Assessing Stability of Donor-Specific Antibodies (DSA) in Relation to Changes in Donor-Derived Cell-Free DNA: A Retrospective Cohort Study

Session Information

Category: Transplantation

  • 2102 Transplantation: Clinical

Author

  • Hyman, Bradley, Memorial Hermann Texas Medical Center, Houston, Texas, United States
Background

Focus of renal transplant recipients has turned toward prolonging the life of the graft. Donor-derived cell-free DNA (dd-cfDNA), is now validated for the assessment of allograft injury in transplant recipients. Given the relatively new use, the relevance of persistently elevated levels of dd-cfDNA remains unknown. In this study, we compare patients with and without sustained elevation above 1% for more than 12 months and their relationship with transplant biomarkers.

Methods

This retrospective cohort study included all patients managed at UTHealth, University of Texas at Houston. In routine clinical care, post-transplant patients are seen in clinic every 3 months after the acute post-transplant period. At each visit, blood and urine tests were performed. Estimated glomular filtration rate (eGFR) was calculated using the Chronic Kidney Disease in Children Under 25 (CKiD U25) equation. Data were de-identified prior to analysis.

Results

From 2017 to 2023, a total of unique 61 pediatric renal transplant recipients were followed at the UTHealth transplant clinic.

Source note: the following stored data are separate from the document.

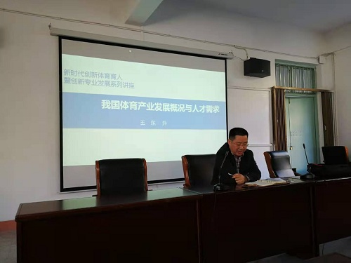 付和忠书记为“系列讲座”做了开讲动员,提出了新时期体育人才的培养应该以德育为基础,实现综合素质和综合能力的教育,力争培养出符合体育强国要求和实现人民美好生活需求的体育人才。王东升博士做了《我国体育产业发展概况与人才需求》的报告,从我国当前体育产业的发展情况为逻辑起点,分析国内体育产业发展中的人才需求与供给情况,指出了体育产业类人才需求的质量与数量,以及目前国内体育人才供需中面临的问题,最后,针对应用型体育人才的出路提出了具体建议。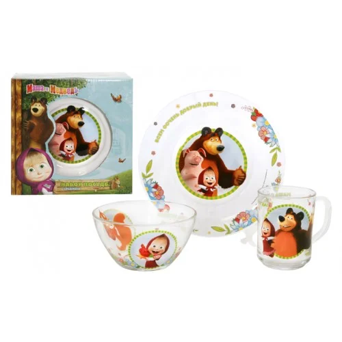 Коллекция стеклянной посуды "Маша и Медведь. Добрый день" с изображением озорной Маши, доброго Медведя и их друзей: свинки и белочки. В состав набора входит кружка 250 мл, салатник 13 см 450 мл, тарелка 19,5 см. Яркая подарочная упаковка с окном. Экологически чистая посуда, безопасная для здоровья и предназначенная для детей старше 3-х лет. Продукцию можно использовать в СВЧ и в посудомоечной машине. Сделано в России.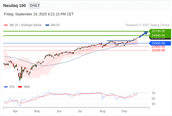 在 23500.00 之上,看涨,目标价位为 24900.00 ,然后为 25700.00 。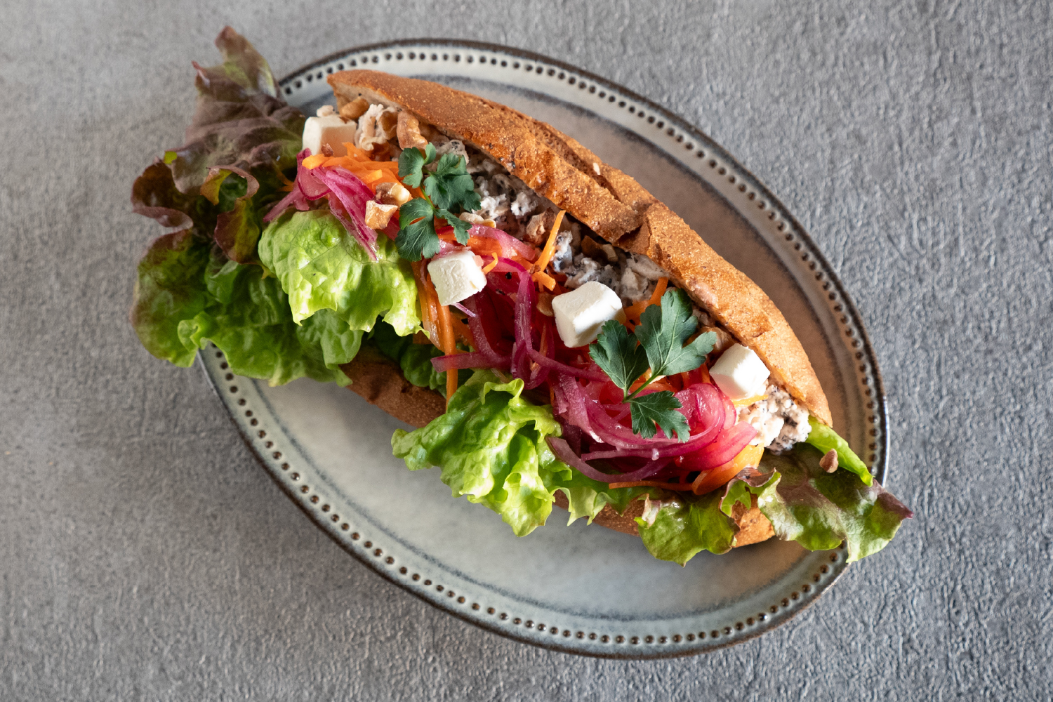 赤しそであえたしっとり蒸し鶏と、キャロットラペ・レッドオニオンラペの爽やかな酸味。さっぱりとした味わいで、食べ応えも抜群のサンドイッチです。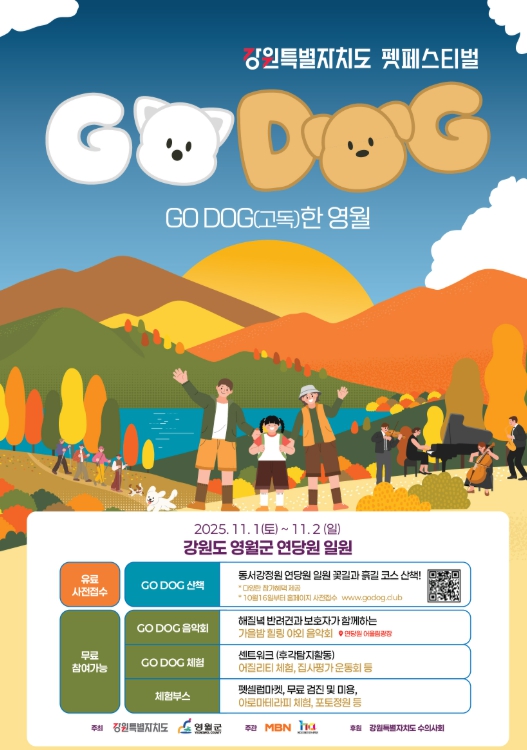 [뉴스앤톡] 강원특별자치도와 영월군이 주최하고 MBN과 HA인터렉션이 주관하는 ‘고독(GO DOG)한 영월’ 펫 페스티벌이 11월 1일부터 11월 2일까지 동서강정원 연당원에서 열린다.

We excluded patients who had undergone combined visceral organ transplant (n=4) and those with less than 4 dd-cfDNA values reported by the end of the study period (n=14). Among the 43 patients included in the analysis, 10 patients experienced persistently elevated dd-cfDNA levels, >=1.0% for at least 12 months. No differences were noted when comparing baseline characteristics, cause of ESRD, or transplant source between the two groups. Comparing between the two groups, for those with dd-cfDNA level >1.0% for more than one year, there was a difference in DSA data. For those who met the defined threshold, DSA presence was increased (OR 4.03, 95% CI, 0.81 to 20.0, p value 0.088). Further analysis of DSA classes showed increased presence of Type A and B (OR 22.2 and 55.7, respectively, p-value <0.001). After controlling for months from transplant, sustained elevation of dd-cfDNA levels was an independent risk factor for presence of DSA.

Conclusion

To our knowledge, this is the first pediatric study evaluating sustained elevation of dd-cfDNA levels and its association with DSA. Obtaining dd-cfDNA levels during these visits can easily be performed and could provide supplemental information for the continued monitoring and management of renal transplant recipients.